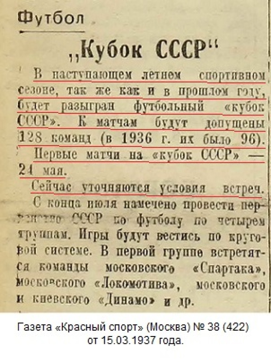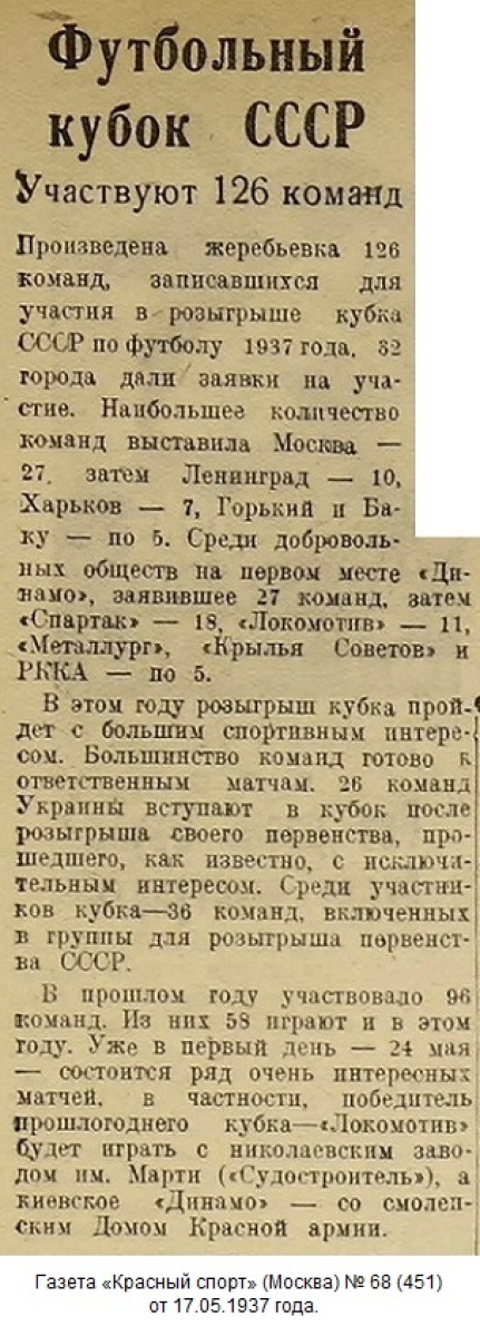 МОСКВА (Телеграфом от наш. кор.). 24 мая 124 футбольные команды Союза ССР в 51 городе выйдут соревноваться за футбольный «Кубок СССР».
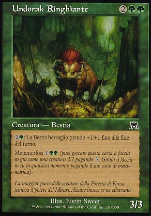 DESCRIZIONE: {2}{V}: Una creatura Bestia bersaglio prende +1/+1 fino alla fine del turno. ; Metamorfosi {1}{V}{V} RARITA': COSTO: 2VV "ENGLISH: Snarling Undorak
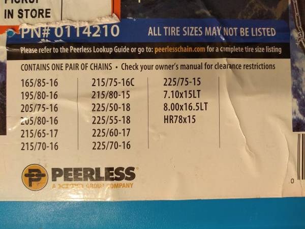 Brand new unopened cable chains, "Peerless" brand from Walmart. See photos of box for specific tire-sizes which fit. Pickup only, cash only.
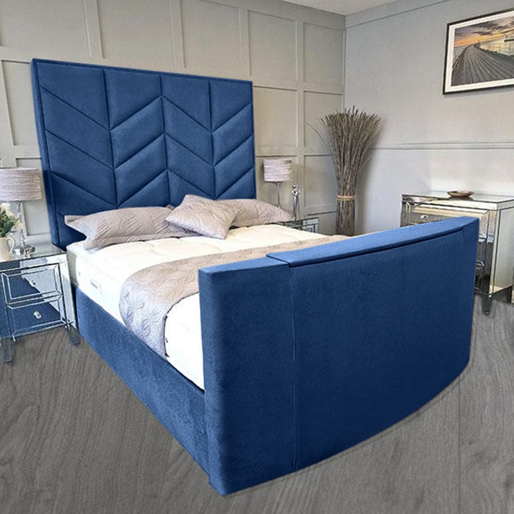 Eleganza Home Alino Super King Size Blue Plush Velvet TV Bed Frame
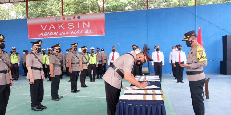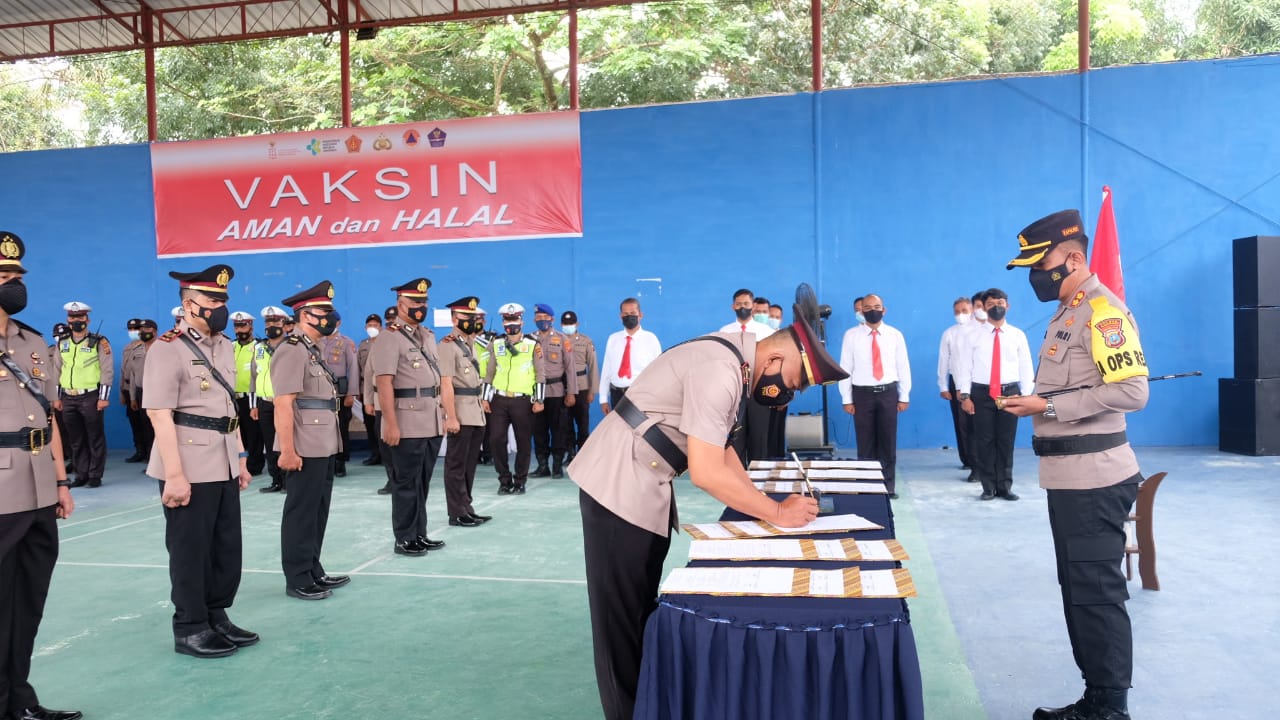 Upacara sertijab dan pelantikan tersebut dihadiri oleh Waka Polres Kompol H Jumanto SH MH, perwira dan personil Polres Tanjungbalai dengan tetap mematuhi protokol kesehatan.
┄┄┄┄┄┄┄┄┄┄
YOUR INSTRUCTIONS
Type the records out again in full, exactly, with each picture omitted.

EXERCISE RESPONSE
 МОСКВА (Телеграфом от наш. кор.). 24 мая 124 футбольные команды Союза ССР в 51 городе выйдут соревноваться за футбольный «Кубок СССР».
 DESCRIZIONE: {2}{V}: Una creatura Bestia bersaglio prende +1/+1 fino alla fine del turno. ; Metamorfosi {1}{V}{V} RARITA': COSTO: 2VV "ENGLISH: Snarling Undorak
 Brand new unopened cable chains, "Peerless" brand from Walmart. See photos of box for specific tire-sizes which fit. Pickup only, cash only.
 Eleganza Home Alino Super King Size Blue Plush Velvet TV Bed Frame
 Upacara sertijab dan pelantikan tersebut dihadiri oleh Waka Polres Kompol H Jumanto SH MH, perwira dan personil Polres Tanjungbalai dengan tetap mematuhi protokol kesehatan.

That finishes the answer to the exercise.